Ликование было в самом разгаре, когда вошедший солдат
доложил, что в замок доставили карету с целым семейством и с приличной добычей.
— Отличные новости, — улыбнулся обаятельный братец
Клервиль, — надеюсь, эти пленники годятся для сладострастных утех; что же
касается денег, они как нельзя кстати, ведь, если вы не против, в скором
времени мы все поедем отдыхать в Неаполь на несколько месяцев.
— Мы согласны, — ответила за всех Клервиль, сжимая
мою руку.
— В таком случае, вся сегодняшняя добыча, до последнего
гроша, пойдет на это путешествие. В этот момент появились пленники.
— Капитан, — начал Карлсон, который возглавлял
налет, — сегодня положительно счастливый день: я нашел свою семью.
Позвольте представить вам мою жену, — и он указал на очень привлекательную
женщину лет тридцати с лишним. — Эти девочки, — продолжал он, держа
за руку младшую, тринадцатилетнего возраста, очень симпатичную на вид, и
старшую — пятнадцатилетнее создание, при виде Которого Грации высохли бы от
зависти, — вылупились из моего яйца. А вот это мой сын. — Карлсон положил
руку на плечо шестнадцатилетнего юноши с исключительно красивым лицом. —
Расскажу в двух словах предысторию этой встречи. А моя супруга может дополнить
мой рассказ. Розина — датчанка; семнадцать лет назад я был в Копенгагене,
встретил там ее и женился. Мне было в ту пору восемнадцать лет.
Этот симпатичный парень, которого я назвал Франсиско, —
первый плод нашей любви. За ним идет Кристина, последней была Эрнелинда. Вскоре
после рождения младшей дочери я оказался в России и в результате политических
интриг был сослан р Сибирь, откуда бежал еще до встречи с Боршаном в Тифлисе. И
вот сегодня фортуна сделала мне царский подарок. Моя семья со мной. Вы можете
делать с ними все, что пожелаете, и я хотел бы доказать капитану, что мне так
же, как и ему, плевать на родственные узы.
— Ну что ж, мадам, — обратился Боршан к
Розине. — Соблаговолите удовлетворить наше любопытство насчет остального.
— Увы, мой господин, — отвечала прекрасная
Розина, — покинутая этим коварным человеком, я, как могла, перебивалась
первый год его отсутствия; потом получила неплохое наследство и потратила часть
денег на поиски своего мужа, сначала во Франции, а позже — в Италии, где
получила обнадеживающие сведения; я надеялась вручить в его руки судьбу наших
общих детей, но каково же было мое негодование, когда после многолетних поисков
я узнала, что он возглавляет шайку грабителей с большой дороги! О чудовище! Вот
каким недостойным ремеслом он занимался, пока я, верная родительскому долгу, из-за
его бегства вынуждена была терпеть всевозможные лишения.
— Да, это очень-очень трогательно, — пробормотала
Олимпия. — Надеюсь, наш друг Боршан по достоинству оценит такое признание…

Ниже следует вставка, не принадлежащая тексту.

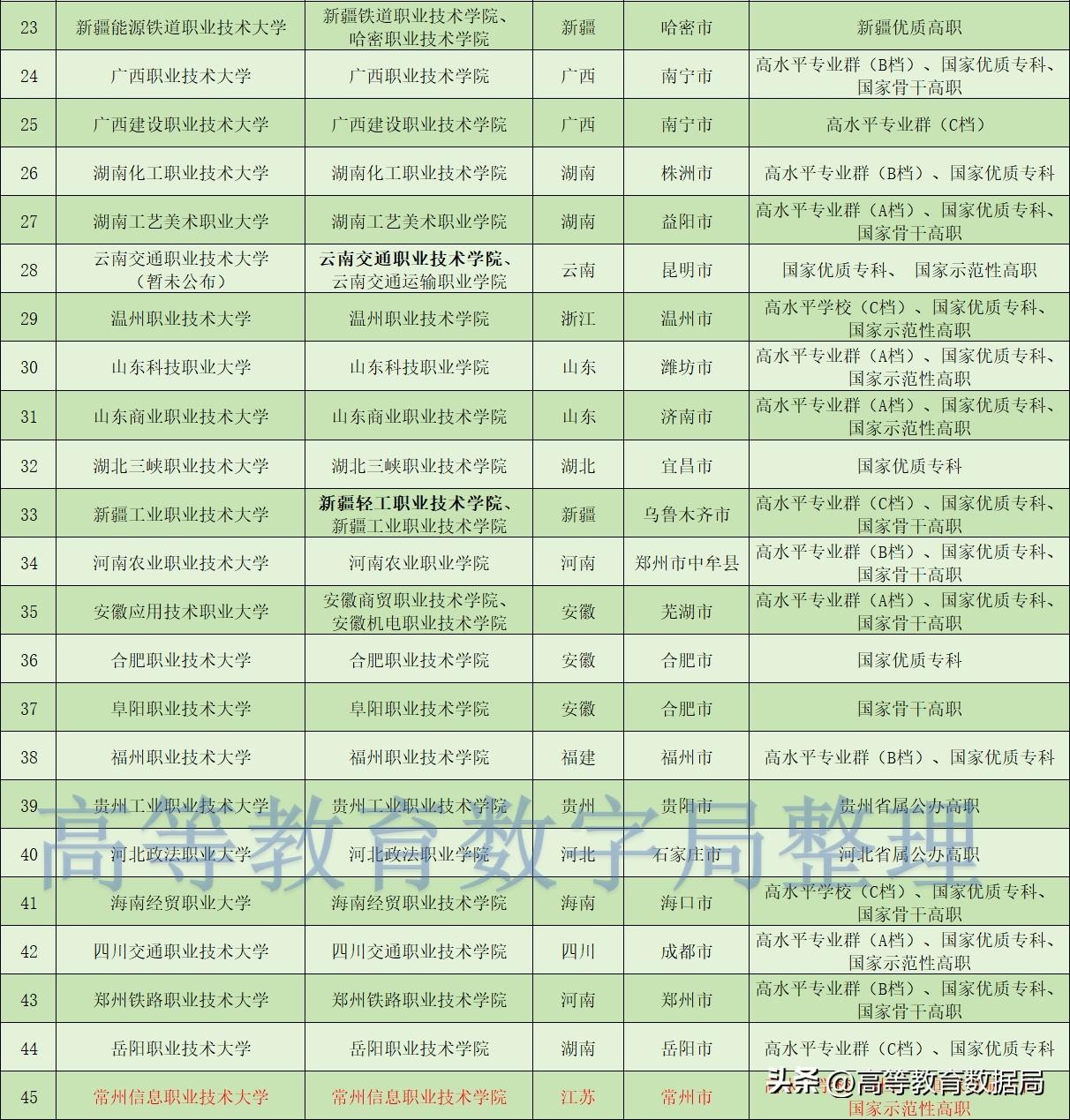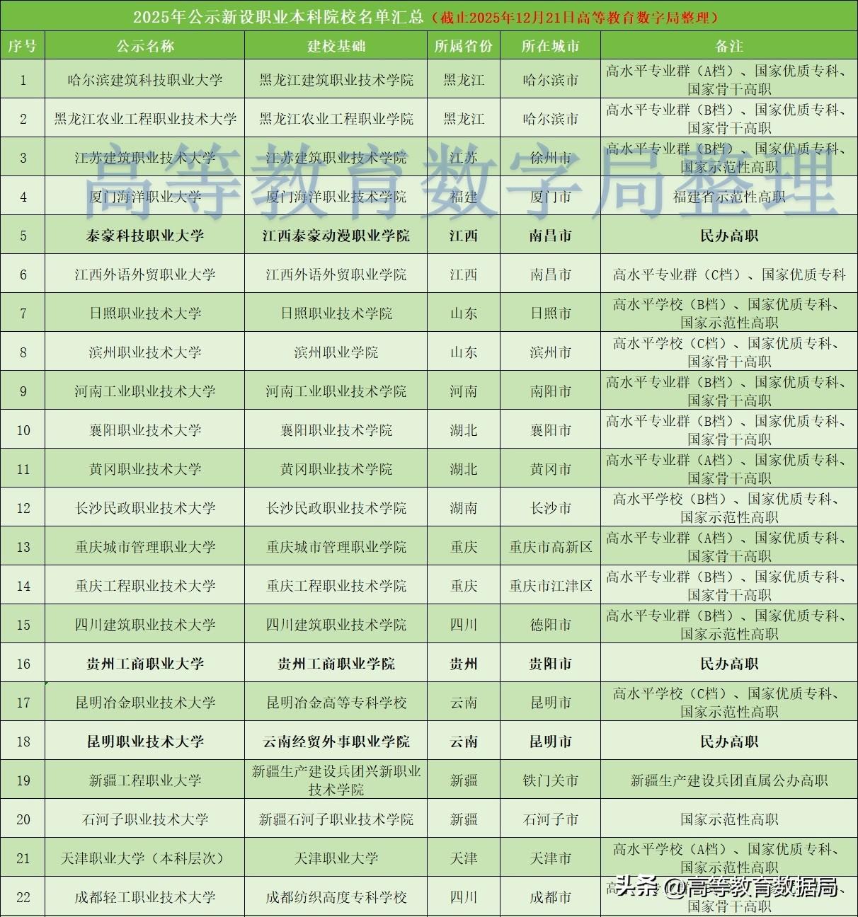 2025年12月19日,四川、河南、吉林、湖南等4个省份以及中国民用航空局共同发布了高校设立的公示消息,其中包括以四川交通职业技术学院为基础升格设立四川交通职业技术大学;以郑州铁路职业技术学院为基础升格设立郑州铁路职业技术大学;以岳阳职业技术学院为基础升格设立岳阳职业技术大学等3所公办高职升格为职业本科大学的消息。 共有19个省份公示了哈尔滨建筑科技职业大学、山东商业职业技术大学、合肥职业技术大学等45所职业本科大学的设置事项,将等待教育部的评估和审批。 从省份分布来看,山东、湖南和新疆3个省份各有4所职业本科的进行了设置公示。山东是全国职业教育创新发展高地,湖南是中部职业教育最强省,新疆当前获得国家的重大政策支持,三省都急需大力发展职业本科支持产业发展;河南、湖北、四川、云南、安徽等5个省份,各有3所职业本科设置公示;黑龙江、江苏、福建、江西、重庆、贵州、广西等7个省份,各有2所职业本科设置公示;天津、浙江、河北、海南等4个省份,也各公示了1所职业本科。新设置的职业本科大学中,包括了农业、工业、建筑、外语、交通等多个领域,为国家培养各行各业需要的高层次技术技能人才。 职业本科高校 职业院校

— Сударыня, — обратилась Клервиль к несчастной
матери, — к сожалению, все, что вы рассказали, не избавит вас от участи
всех пленников моего мужа. Скажите, какой суммой вы нас осчастливите?
— Сто тысяч крон, мадам, — смиренно ответила жена
Карлсона.
— Сто тысяч крон, — презрительно повторила
Клервиль, — мизерная сумма. — Потом повернулась ко мне. — Даже
не хватит на то, чтобы оплатить приличное жилище в Неаполе.
— Друг мой, — снова заговорила Розина, обращаясь к
своему супругу, — кроме того, я принесла тебе свое сердце и детей, которые
ждут отеческой ласки.
— Фи, — хмыкнул лейтенант, — стоит ли
говорить о подобных мелочах: такие подарки не стоят и выкуренной трубки.
— А вот я более щедра в оценках, — заметила я
Карлсону, к которому я начала проявлять нешуточный интерес. — Не надо
забывать об удовольствии, которое доставят нам эти прелестные предметы.
— Скоро увидим, так ли это, — сказал
Карлсон, — но пока я уверен только в том, мадам, что самые большие
удовольствия можете дать мне вы.
— Правда? — и я с радостью пожала руку лейтенанту.
— Я так считаю, мадам, — сказал он и запечатлел на
моих губах страстный поцелуй, выражавший все его чувства, — я так думаю и
готов отплатить вам тем же.
— Может быть, мы пообедаем для начала? — предложил
капитан.
— Вместе со всей семьей? — спросил капитан.
— Непременно, — вставила мадам Клервиль, — я
хочу видеть их рядом с нами, прежде чем они отправятся в другое место.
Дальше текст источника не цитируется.